As described above, by providing the nozzle barrel 11 movably in the axial direction at the tip of the body barrel 12, even if the shredder dust contains a part of metals, the extruder will be solidified without being clogged. Is pushed out of.

If vapor is generated when the solidified substance D is extruded, an axial groove may be formed in the axial hole 13 of the nozzle barrel 11 to allow the vapor to escape to the outside.

FIG. 3 is a side sectional view of a second embodiment of the present invention, in which gear teeth 23 are formed on the outer periphery of the ring-shaped member 15 and gears 24 are engaged with the gear teeth 23. Two
5 is rotated by the motor Mb, the ring-shaped member 1
5 is rotated.

A ring-shaped member 15 is engaged with the outer periphery of the nozzle barrel 11, and a holding plate 26 is fixed to the flange 18 so that the ring-shaped member 15 and the nozzle barrel 11 do not come out of the main barrel 12. .

Internal pressure (back pressure) in the body barrel 12
Is provided with a pressure sensor, and the output of the pressure sensor is, for example, an arithmetic unit 2 including a microcomputer.
7 is input. The output of the arithmetic unit 27 is input to the amplifier 28, and the output of the amplifier 28 is input to the motor Mb.
The arithmetic unit 27 is connected to an input unit 29 for setting the back pressure of the extruder.

In this extruder, the pressure in the barrel 12 of the main body is detected by a pressure sensor, the obtained detection value is compared with the pressure value previously input to the input device 29, and the back pressure becomes a set value. The gap G is adjusted by rotating the motor Mb.

Since the rotation speed and the rotation angle of the ring-shaped member 15 can be continuously changed by the motor Mb, the back pressure can be adjusted more accurately and in real time than the extruder of the embodiment shown in FIG. You can The other structure, function and effect are similar to those of the first embodiment described above.

[0033]

In summary, according to the present invention, the following excellent effects are exhibited.
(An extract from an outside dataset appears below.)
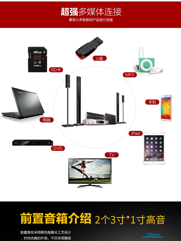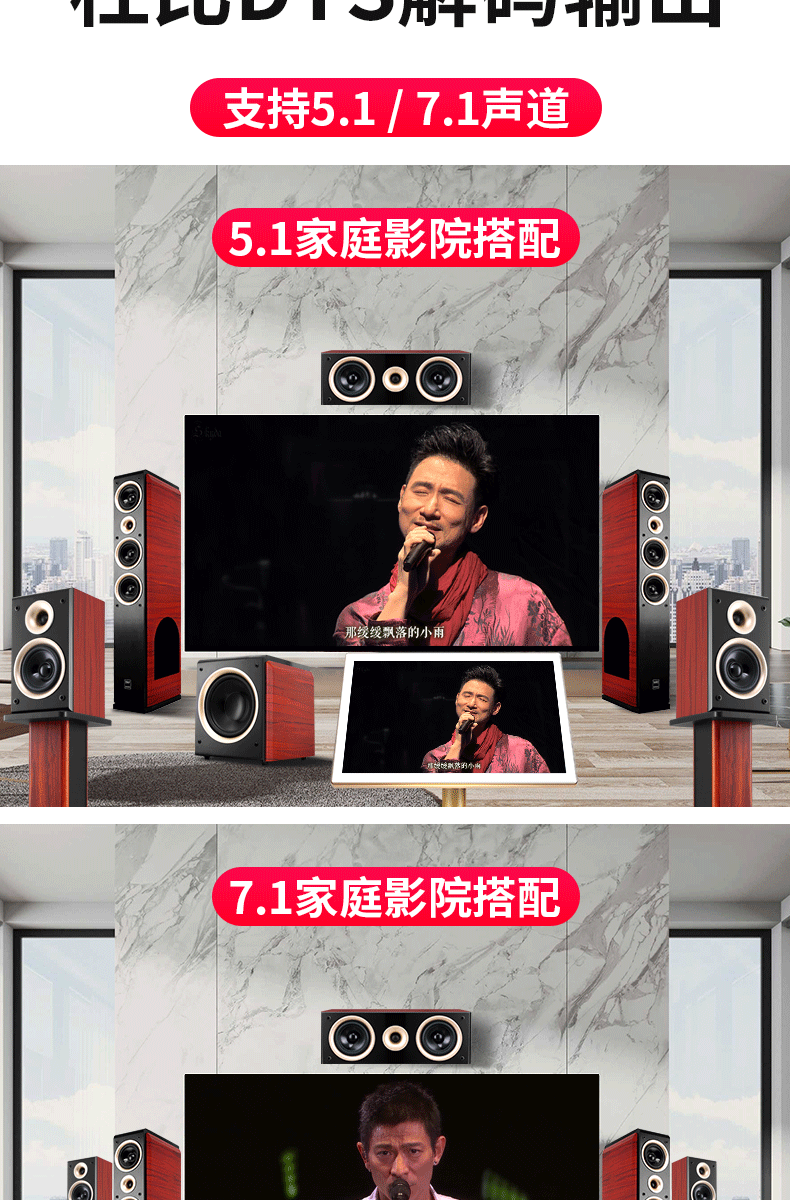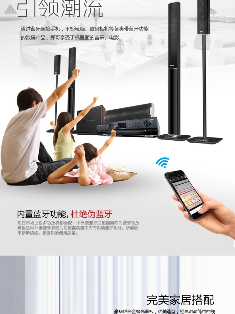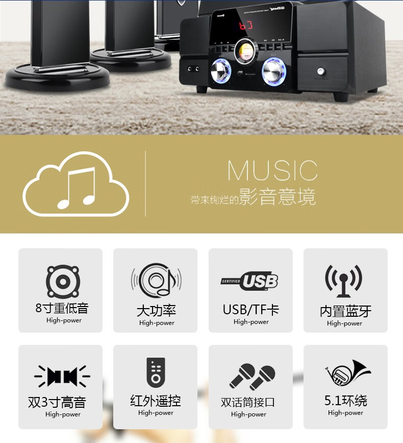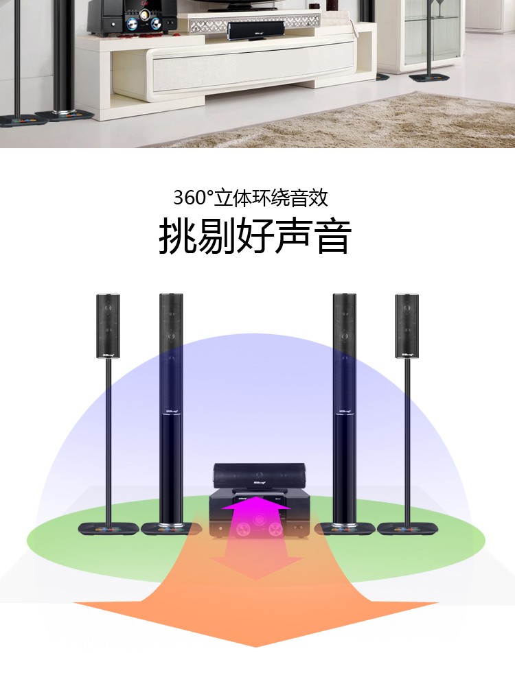 Qisheng 5.1 home theater 2301 audio set home living room wireless surround combination speaker subwoofer column TV complete equipment karaoke Bluetooth amplifier subwoofer 2301 six-piece set

Since the nozzle is provided at the tip of the casing so as to be movable in the axial direction, it is possible to realize an extruder in which shredder dust made of resin is not clogged even if metals that have been selected and leaked are mixed.

[Brief description of drawings]

FIG. 1 is a side sectional view of a first embodiment of an extruder of the present invention.

FIG. 2 is a partially enlarged view of the extruder shown in FIG.

FIG. 3 is a side sectional view of a second embodiment of the present invention.

FIG. 4 is a side sectional view showing a conventional example of an extruder.

[Explanation of symbols]

 2 Shredder dust 4 Screw 10 Casing 11 Nozzle (nozzle barrel) 11a Nozzle port 15 Ring-shaped member D Solidified material

Claims (4)

[Claims] 1. An extruder for rotatably mounting a screw in a casing, for inputting shredder dust through a material input port and extruding through a nozzle port at a tip to reduce volume and solidify, a shaft is provided at a tip portion of the casing. An extruder having a nozzle that is movable in any direction. 2. A ring having the nozzle formed in a cylindrical body that is movable in the casing, a thread groove formed on the outer circumference of the nozzle, and a thread groove engaging with the thread groove formed on the outer circumference of the nozzle. 2. The extruder according to claim 1, further comprising a ring-shaped member, wherein the nozzle is moved in the axial direction by rotating the ring-shaped member. 3. A flange having a plurality of bolt holes is formed at the tip of the casing, a plurality of bolt through holes are formed in the circumferential direction of the ring-shaped member, and the ring-shaped member is formed by bolts passing through the bolt holes. The extruder according to claim 2, wherein the member is fixed to the flange. 4. The ring member is formed by forming gear teeth on the outer periphery of the ring member and rotating a gear having teeth engaging with the gear teeth by a motor. The extruder according to 2.